-- Work to complete --
Reproduce the material below only from the line with "Подключите к ПК" to the line with "Metrážová šifonová záclona", both included, keeping each line exact and dropping the pictures.

-- Excerpted data --
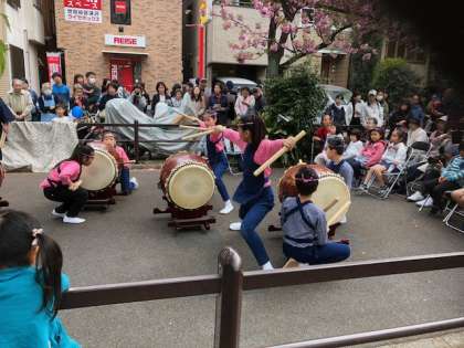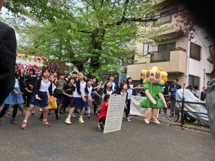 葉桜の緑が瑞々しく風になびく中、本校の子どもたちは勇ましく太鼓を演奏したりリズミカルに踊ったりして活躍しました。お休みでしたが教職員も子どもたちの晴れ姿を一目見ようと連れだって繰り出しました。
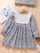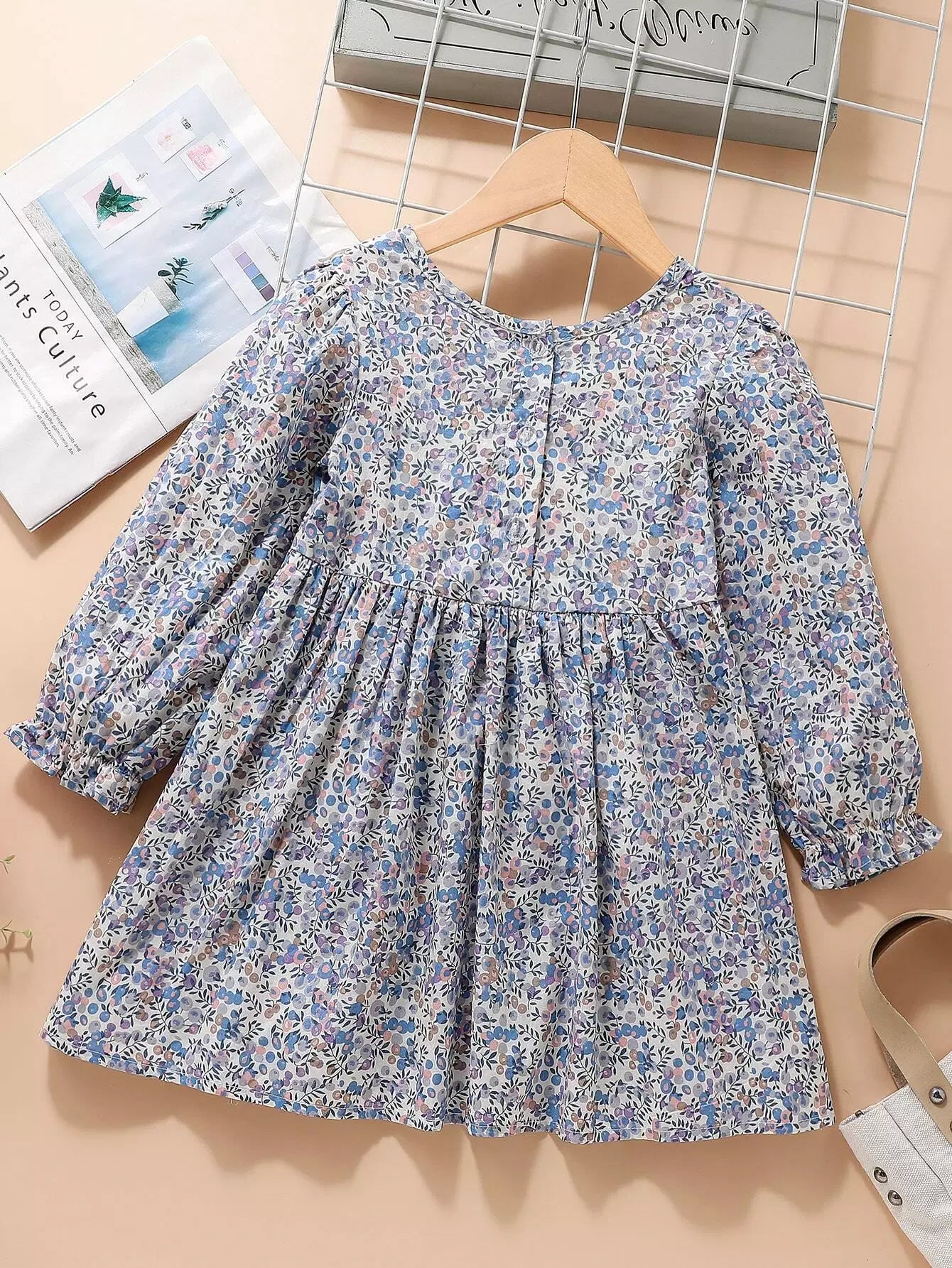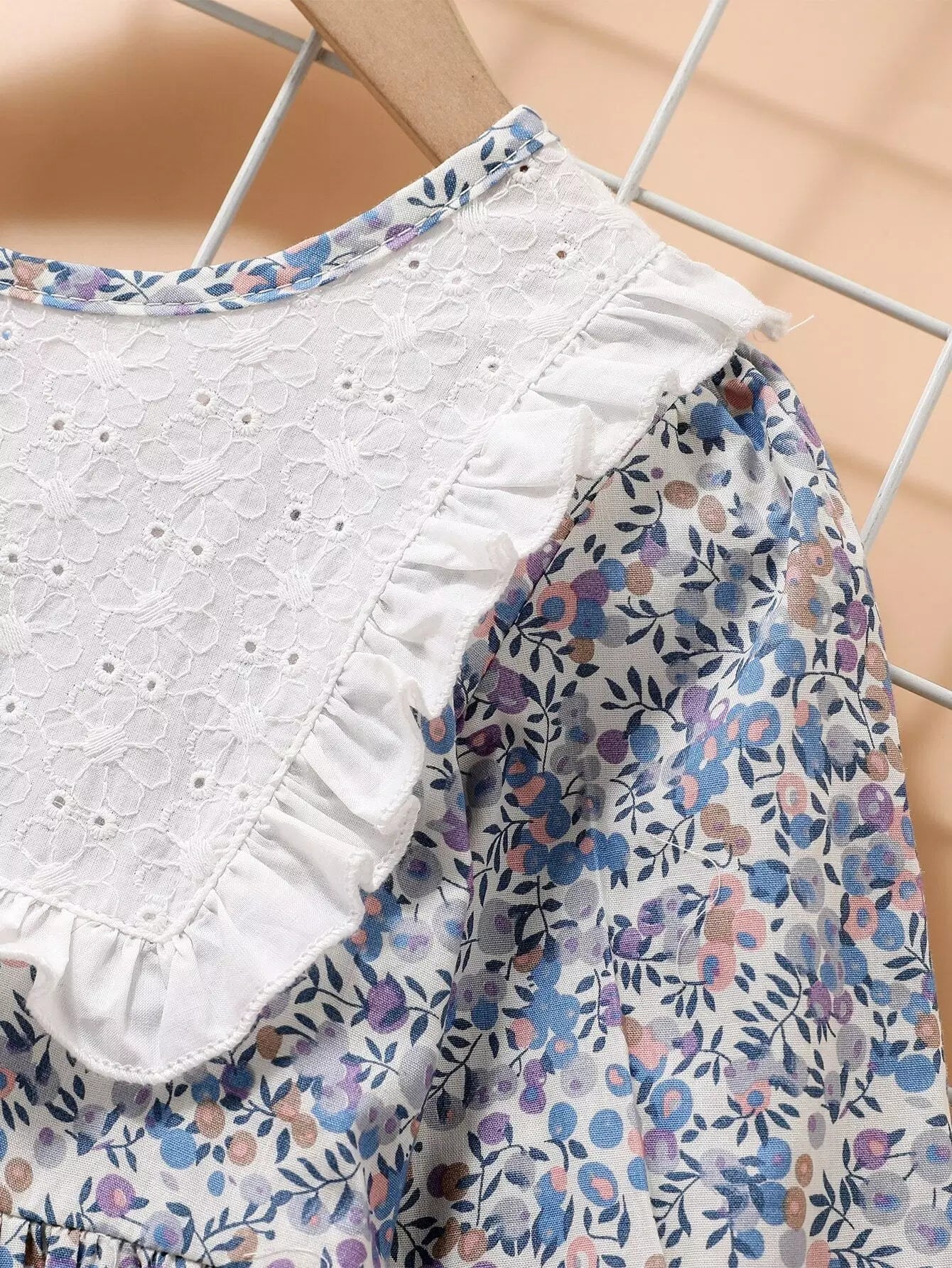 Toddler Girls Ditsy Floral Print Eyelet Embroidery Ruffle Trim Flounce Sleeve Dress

--

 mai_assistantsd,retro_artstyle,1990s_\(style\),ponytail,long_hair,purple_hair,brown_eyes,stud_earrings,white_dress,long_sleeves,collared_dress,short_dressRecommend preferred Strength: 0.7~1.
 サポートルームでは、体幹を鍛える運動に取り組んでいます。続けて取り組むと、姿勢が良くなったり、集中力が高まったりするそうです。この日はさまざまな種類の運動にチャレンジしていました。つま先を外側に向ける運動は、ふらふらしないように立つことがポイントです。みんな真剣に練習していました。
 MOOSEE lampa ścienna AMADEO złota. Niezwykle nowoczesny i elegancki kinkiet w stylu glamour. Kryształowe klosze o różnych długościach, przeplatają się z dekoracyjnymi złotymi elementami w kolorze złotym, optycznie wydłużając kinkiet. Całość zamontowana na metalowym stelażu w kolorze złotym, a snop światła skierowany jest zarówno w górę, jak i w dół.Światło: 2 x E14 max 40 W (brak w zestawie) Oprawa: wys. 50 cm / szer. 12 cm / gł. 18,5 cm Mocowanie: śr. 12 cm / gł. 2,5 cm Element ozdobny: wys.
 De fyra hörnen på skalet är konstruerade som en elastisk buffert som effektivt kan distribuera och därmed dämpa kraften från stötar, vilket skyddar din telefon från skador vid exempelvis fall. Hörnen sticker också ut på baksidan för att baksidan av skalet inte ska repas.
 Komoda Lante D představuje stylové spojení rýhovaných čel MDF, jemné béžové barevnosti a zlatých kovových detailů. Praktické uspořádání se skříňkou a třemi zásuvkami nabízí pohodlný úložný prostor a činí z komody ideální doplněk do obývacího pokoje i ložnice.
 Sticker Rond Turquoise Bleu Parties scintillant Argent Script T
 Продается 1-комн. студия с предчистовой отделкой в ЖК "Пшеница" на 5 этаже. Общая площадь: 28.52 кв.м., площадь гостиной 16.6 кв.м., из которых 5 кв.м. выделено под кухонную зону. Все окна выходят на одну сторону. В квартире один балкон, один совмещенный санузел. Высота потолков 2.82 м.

* * *

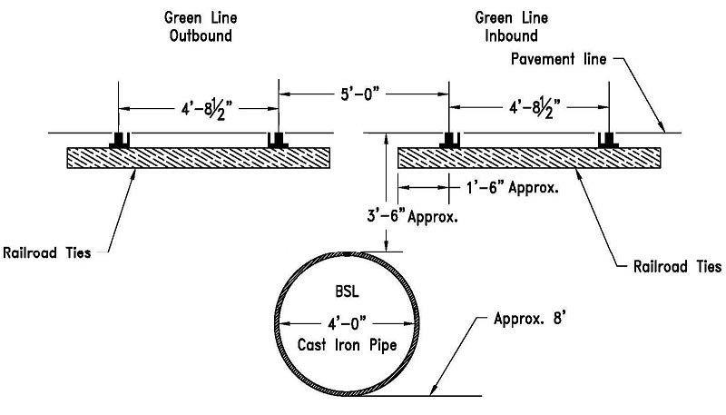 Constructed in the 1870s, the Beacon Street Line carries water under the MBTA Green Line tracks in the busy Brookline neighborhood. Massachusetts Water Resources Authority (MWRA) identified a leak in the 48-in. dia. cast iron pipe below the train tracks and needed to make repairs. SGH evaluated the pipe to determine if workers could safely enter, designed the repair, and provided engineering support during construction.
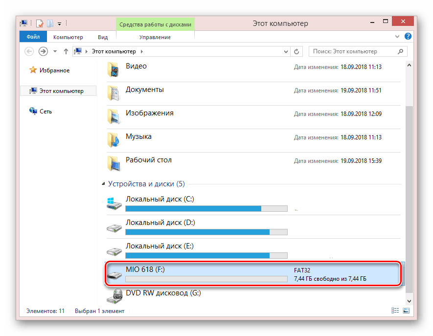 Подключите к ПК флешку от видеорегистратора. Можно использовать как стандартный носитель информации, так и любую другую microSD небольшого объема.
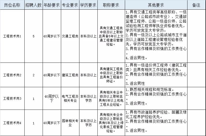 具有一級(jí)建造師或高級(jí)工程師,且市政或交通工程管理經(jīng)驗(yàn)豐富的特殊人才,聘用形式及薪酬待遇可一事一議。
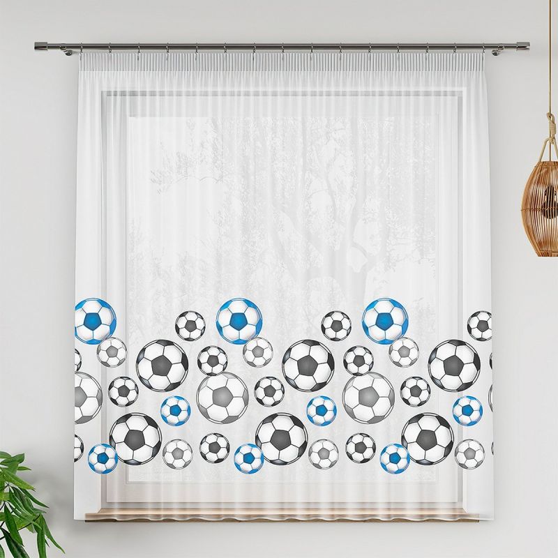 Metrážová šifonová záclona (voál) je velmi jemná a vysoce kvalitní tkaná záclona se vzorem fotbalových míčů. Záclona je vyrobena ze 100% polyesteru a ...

-- Answer area --
 Подключите к ПК флешку от видеорегистратора. Можно использовать как стандартный носитель информации, так и любую другую microSD небольшого объема.
 具有一級(jí)建造師或高級(jí)工程師,且市政或交通工程管理經(jīng)驗(yàn)豐富的特殊人才,聘用形式及薪酬待遇可一事一議。
 Metrážová šifonová záclona (voál) je velmi jemná a vysoce kvalitní tkaná záclona se vzorem fotbalových míčů. Záclona je vyrobena ze 100% polyesteru a ...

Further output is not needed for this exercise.